*YOUR INSTRUCTIONS*: Print the data verbatim. Leave every image out.

*INFORMATION SUPPLIED*:
Segment Open
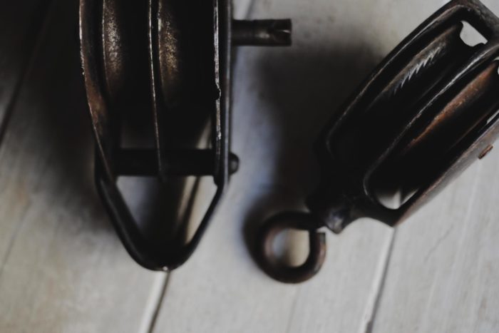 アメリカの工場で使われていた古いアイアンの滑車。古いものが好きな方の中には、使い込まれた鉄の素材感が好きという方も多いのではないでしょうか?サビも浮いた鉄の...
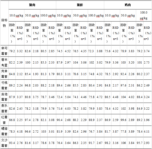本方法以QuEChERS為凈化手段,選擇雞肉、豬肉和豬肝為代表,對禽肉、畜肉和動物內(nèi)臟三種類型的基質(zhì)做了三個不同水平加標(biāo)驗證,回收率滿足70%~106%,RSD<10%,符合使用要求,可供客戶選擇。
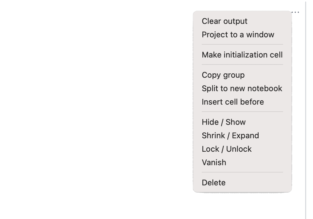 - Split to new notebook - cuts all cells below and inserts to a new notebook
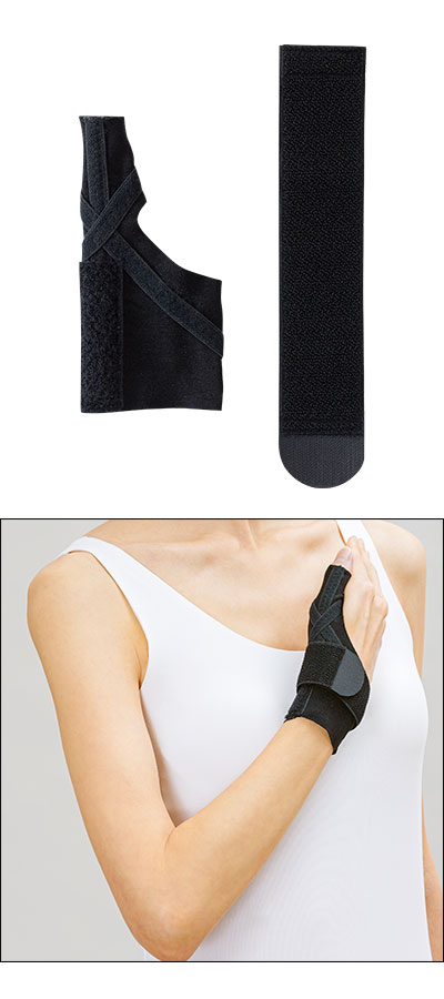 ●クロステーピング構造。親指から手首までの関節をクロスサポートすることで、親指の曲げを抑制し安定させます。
Segment Closed
*ANSWER TO THIS TASK*:
 アメリカの工場で使われていた古いアイアンの滑車。古いものが好きな方の中には、使い込まれた鉄の素材感が好きという方も多いのではないでしょうか?サビも浮いた鉄の...
本方法以QuEChERS為凈化手段,選擇雞肉、豬肉和豬肝為代表,對禽肉、畜肉和動物內(nèi)臟三種類型的基質(zhì)做了三個不同水平加標(biāo)驗證,回收率滿足70%~106%,RSD<10%,符合使用要求,可供客戶選擇。
 - Split to new notebook - cuts all cells below and inserts to a new notebook
 ●クロステーピング構造。親指から手首までの関節をクロスサポートすることで、親指の曲げを抑制し安定させます。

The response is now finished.